Kingston’s face revealed nothing, but that told Ramage all he needed to know. The boss was on the way, and it was time for Ramage to end this. Get his truck back, put a stop to all the underground bullshit, and get on his way before Rex decided he needed a few days in the field.
“Let me out of here. Now!” Ramage raised his voice to an octave below a scream, and a smile slid over the sheriff’s face. “You’ve got no right to hold me.”
“Ah, but I do. You assaulted a man in my town. Busted him up pretty good and he’s filed a complaint.”
“Which guy?” Ramage asked. “I can’t keep all the pussies straight.”
“Chic.”
“The guy who stole my truck? He says I beat him? He’s full of crap and you weren’t there.”
“Who says he stole your truck? I wasn’t there. An assault occurred, and the victim said it was you.”
“No proof needed?”
“Of course, proof is needed, Ramage.” He said it with an easygoing air, like he and Ramage were close friends just shooting the shit. “That’s why you haven’t been charged.”
“So let me go! I swear to shit, when I get out of here you better be a long way away from here,” Ramage said, but his threat was in vain and t
he sheriff knew it.
“Until I determine you’re not a danger to my community, you’ll stay right here.” Kingston got up and made a show of closing Ramage’s thin file. “Take my advice, Ramage. Shut up and listen.

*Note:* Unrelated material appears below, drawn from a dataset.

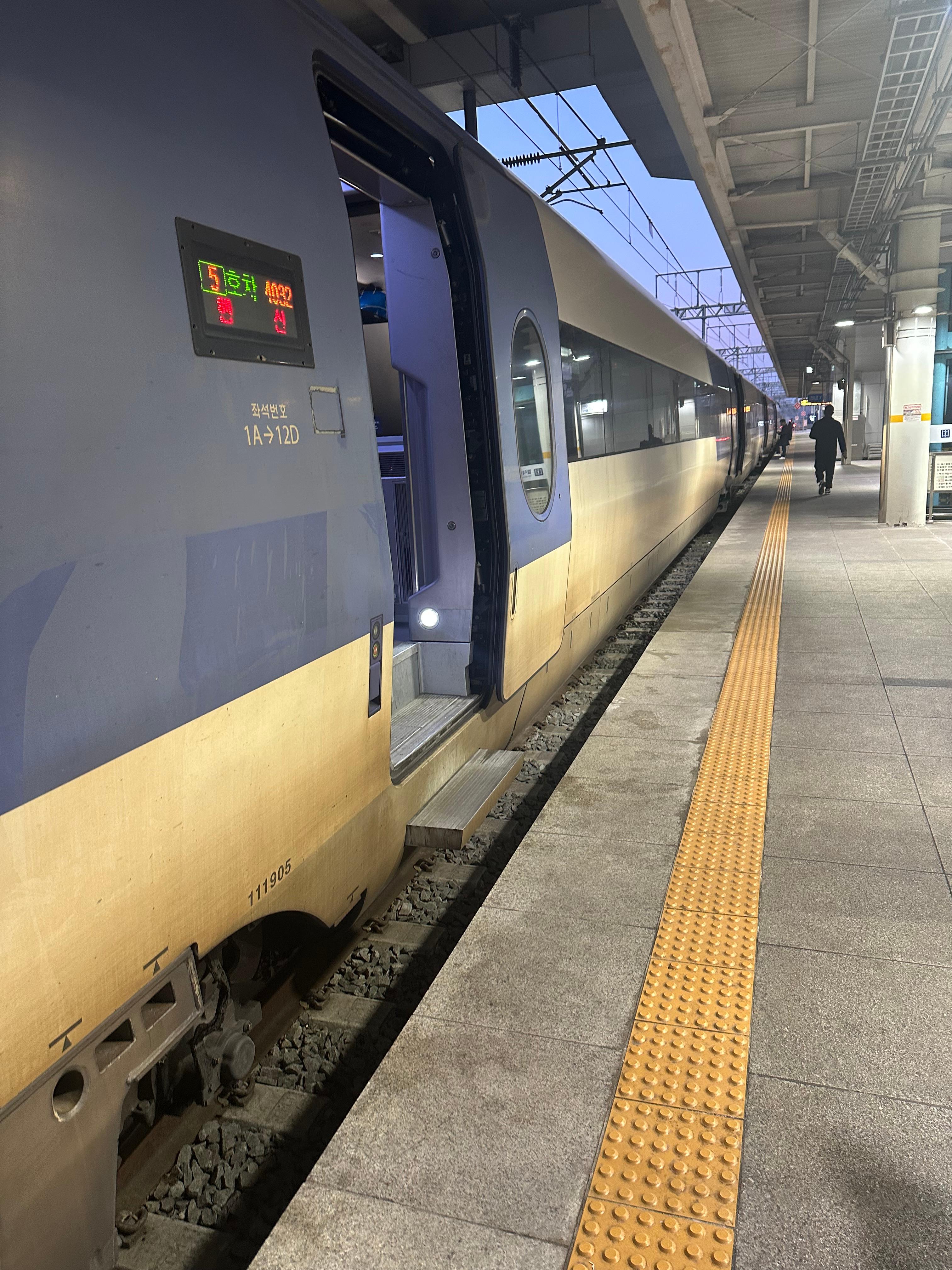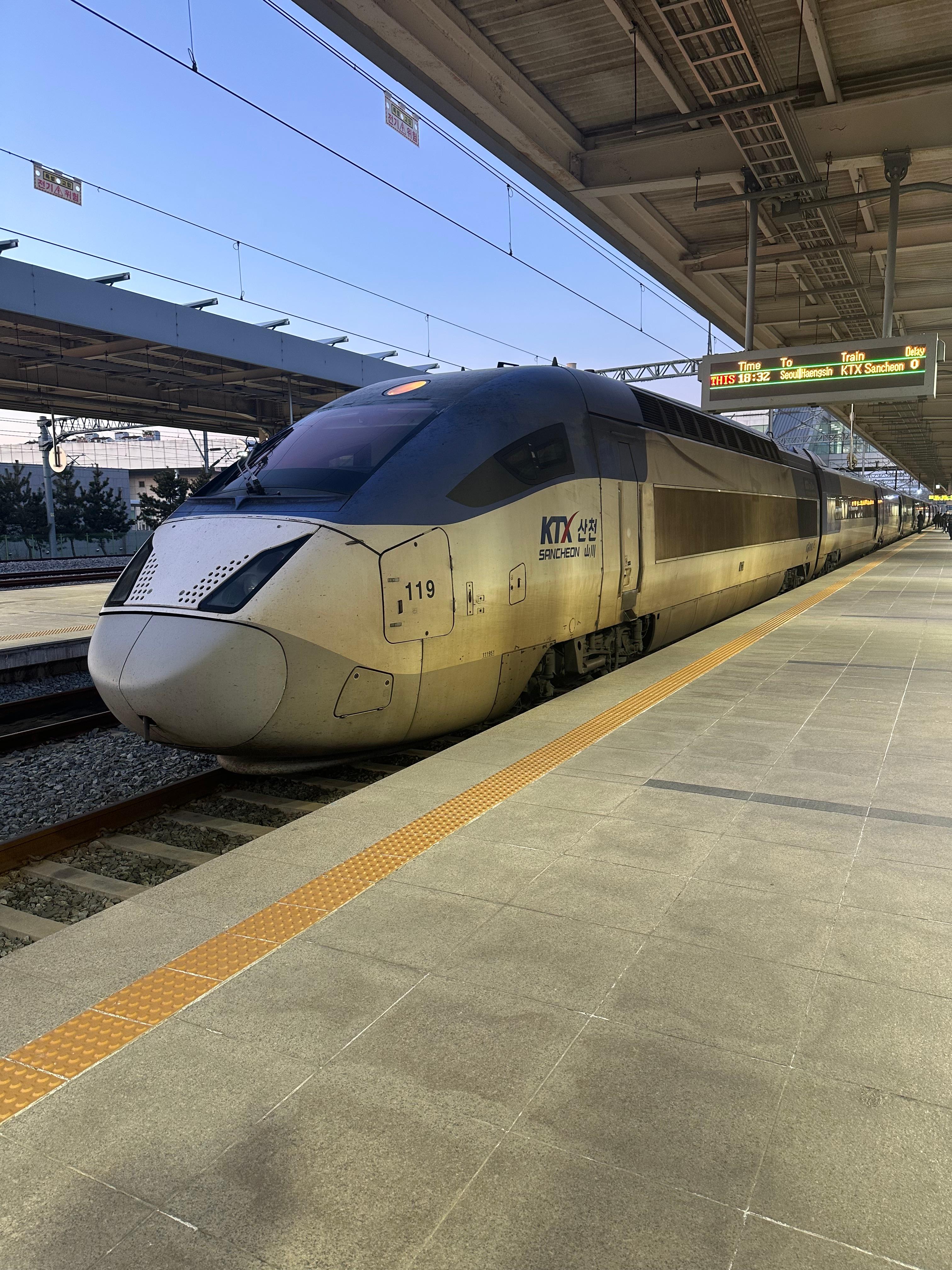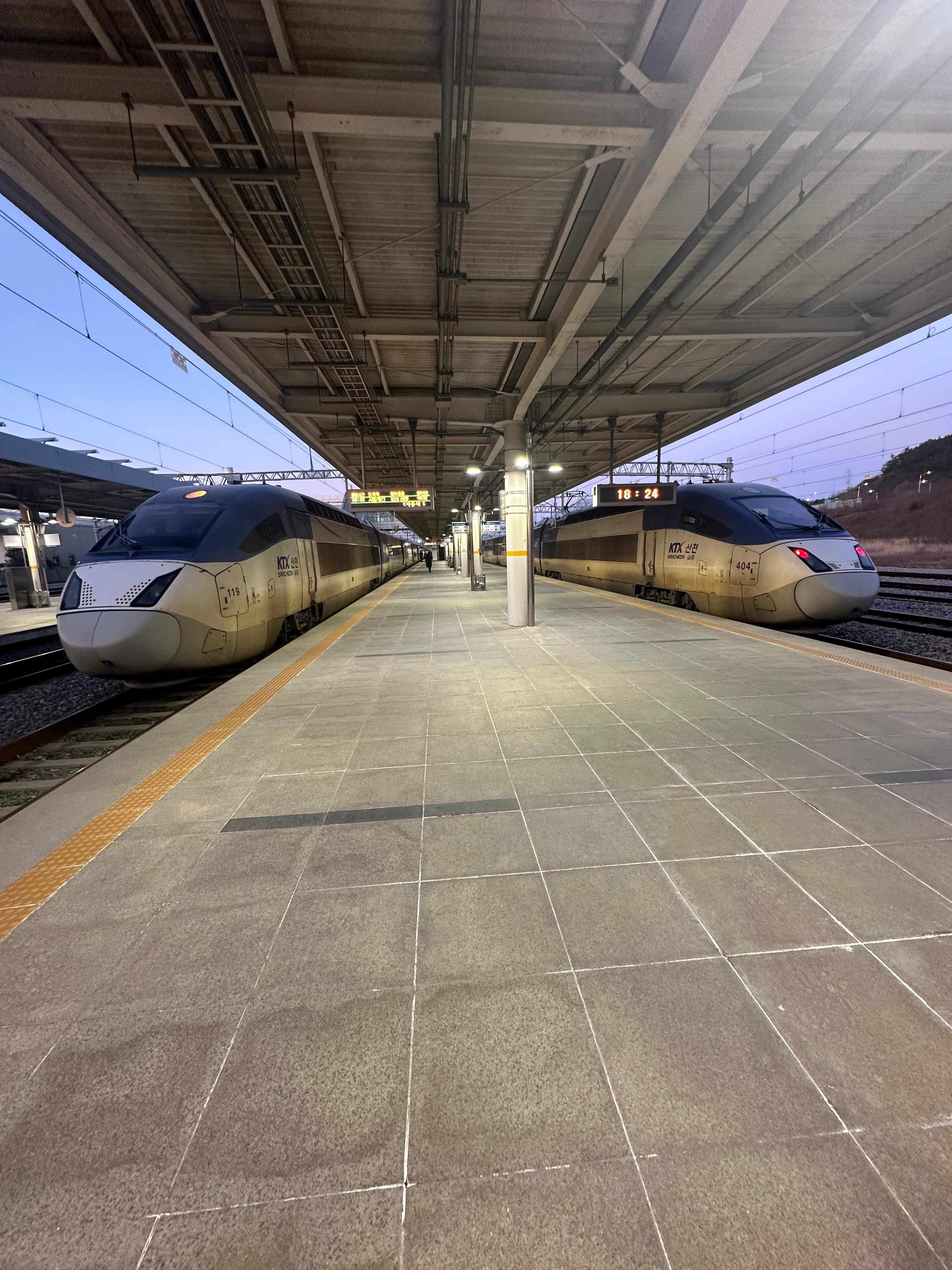 제가 동대구역까지 타고갈 KTX 산천은 18시 32분에 출발하는 4032호 열차였는데요. 시간 맞춰서 승강장에 내려오니까 양쪽에 KTX 산천열차가 있었습니다. KTX 산천열차는 지난 2024년 5월에 목포까지 간닥도해서 한번 소개해드렸는데요. 당시 목포까지 저렴한 가격대가 있어서 익산 이후로는 고속선을 이용하는줄 알았는데 수원에서 익산, 익산에서 목포까지 모두 일반선을 이용하다보니 시간이 정말 많이 걸렸던기억이 있습니다.

Don’t make your situation worse.”
“I can’t wait to kick your ass,” Ramage said.
The sheriff sighed and headed for the door. He dropped the file on his desk and turned to check Ramage and the office one last time. He flicked off the light and shut the door behind him.
Ramage screamed.
Chapter Twenty-Three
Dust motes danced in the sunrays that cut through a twisted window shade, and the clock ticked, and the fridge buzzed. Ramage tried to calm down, but his blood boiled, and his stomach snarled. At least they’d let him have some of his breakfast before they ruined his morning. His internal clock told him the sun had passed noon, and he felt the day slipping away. His mind wandered, and he thought of Joan and Anna. What would his wife think of Anna? They were similar in some ways, yet different in a refreshing kind of way, like he was smelling different flowers and drinking new wines. With these feelings came responsibility, obligation, the end of freedom. He cared for Anna, and the feeling tore at him as he waited in the dim Prairie Home sheriff’s annex.

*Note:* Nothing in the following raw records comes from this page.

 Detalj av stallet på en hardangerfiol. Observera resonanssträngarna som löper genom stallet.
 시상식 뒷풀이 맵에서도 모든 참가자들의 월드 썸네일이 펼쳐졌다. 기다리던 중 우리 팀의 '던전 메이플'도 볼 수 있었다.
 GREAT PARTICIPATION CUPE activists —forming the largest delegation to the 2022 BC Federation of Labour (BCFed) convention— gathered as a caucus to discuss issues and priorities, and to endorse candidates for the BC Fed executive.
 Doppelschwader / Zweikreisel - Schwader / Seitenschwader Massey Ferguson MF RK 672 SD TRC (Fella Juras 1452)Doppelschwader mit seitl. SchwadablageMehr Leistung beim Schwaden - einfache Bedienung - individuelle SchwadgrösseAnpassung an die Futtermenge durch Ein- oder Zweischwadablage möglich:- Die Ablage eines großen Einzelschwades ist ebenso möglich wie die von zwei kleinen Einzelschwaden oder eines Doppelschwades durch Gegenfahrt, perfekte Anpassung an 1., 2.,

At what Ramage figured was around 3PM in the afternoon, he heard a car pull up outside and skid to a halt in the gravel. A door slammed, then another. Surely the Sandman would bring help with him. A key jiggled in the lock, the door swung open, and a hand the size of a catcher’s mitt flicked on the lights.
Piranha wore a dark blue sweat suit, white high-top sneakers, and shaded sunglasses. He entered the room and looked around, like he was advance security for someone important, and Ramage supposed he was. He moved slow with an odd gait and held his right arm over his stomach where he’d been shot.
A short, stocky, rat-faced man entered behind Piranha, and closed the door. The guy stared at Ramage like he was an exotic animal in a zoo and took off his sunglasses. He had thinning gray hair, a dark mustache, and he wore a dark suit with a white shirt and a red tie with gray stripes. He looked like he belonged at a race track betting the ponies.